Two Dozen Dead in Collapse of Illegal DRC Gold Mine

A group of artisanal miners pose for a photograph on a site in the Kailo territory of the Democratic Republic of the Congo. (Wikimedia Commons)

A group of artisanal miners pose for a photograph on a site in the Kailo territory of the Democratic Republic of the Congo. (Wikimedia Commons)

24 people died in the collapse of an illegal gold mine in the town of Kampene in Maniema Province of the Democratic Republic of Congo (DRC) on October 3. Another 11 workers from the site have been hospitalized following the collapse, and several more have been reported missing.

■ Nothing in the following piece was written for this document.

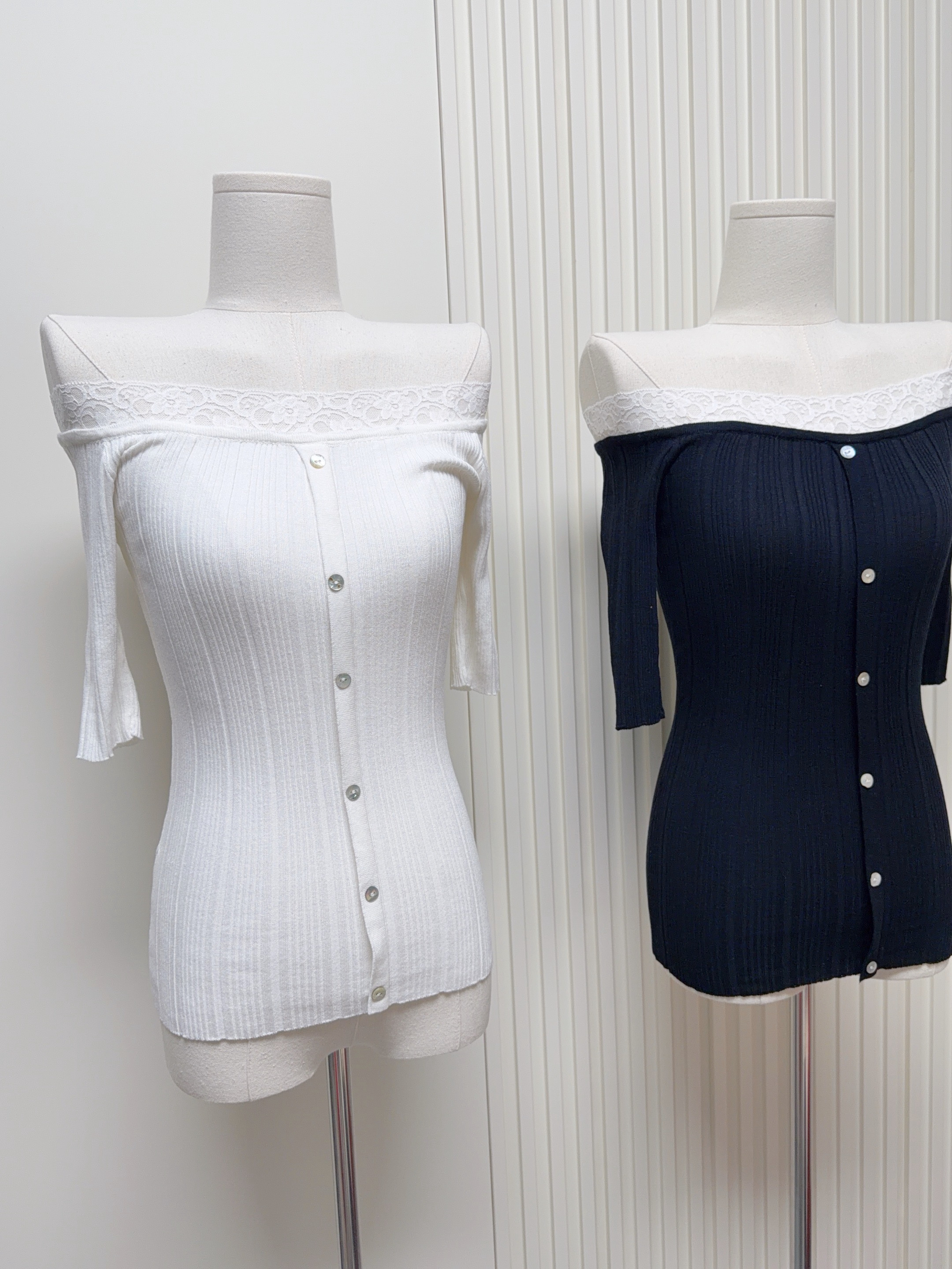 sheepland 아름다움 골 레이스 조각 오프숄더 니트 반팔 여성 봄 여름 얇은 스타일 슬림해 보이는 맨위

“Dozens of people, including children and pregnant women,” were working at the mine at the time of the collapse, according to Justin Kyanga Asumani, a civil society campaigner in the region. Stephane Kamundala, a regional NGO leader, verified that the dead found in the rubble included women and children. 

Regional authorities had closed the Kampene mine in May 2019 after an advocacy group that specializes in small-scale mining deemed the site “too dangerous” to operate. Following the collapse, Auguy Musafiri, governor of the Maniema province, claimed that the local government had no knowledge that mining activities had illegally continued after the shutdown of the location. 

The Maniema provincial government has pledged to cover medical costs for the wounded and funeral costs for the dead. Meanwhile, state officials including Steve Mbikayi, Minister of Humanitarian Action, are calling for stricter standards as the DRC faces international scrutiny regarding its mining regulations. 

The collapse in Kampene marks the second fatal mining accident this year in the DRC. In June, a landslide killed more than 40 workers at a cobalt mine in the southern region of the country. The mine itself was a legal enterprise owned by Swiss mining corporation Glencore, but authorities attributed the collapse to illegal mining at the perimeter of the site. 

After the Glencore accident in June, the Congolese government responded with military force. The army deployed thousands of troops to remove illegal miners from the Glencore site. However, as evidenced by the Kampene collapse, the threat of military intervention has done little to slow illegal mining in other regions of the country. 

Illegal mining in the DRC is by no means limited to the Kampene and Glencore sites. Amnesty International estimates that “hundreds of thousands of people in the mineral-rich region make a living through informal, unregulated artisanal mining.” Bloomberg reports that in the Katanga Province alone, approximately 200,000 people depend on artisanal mining for their income.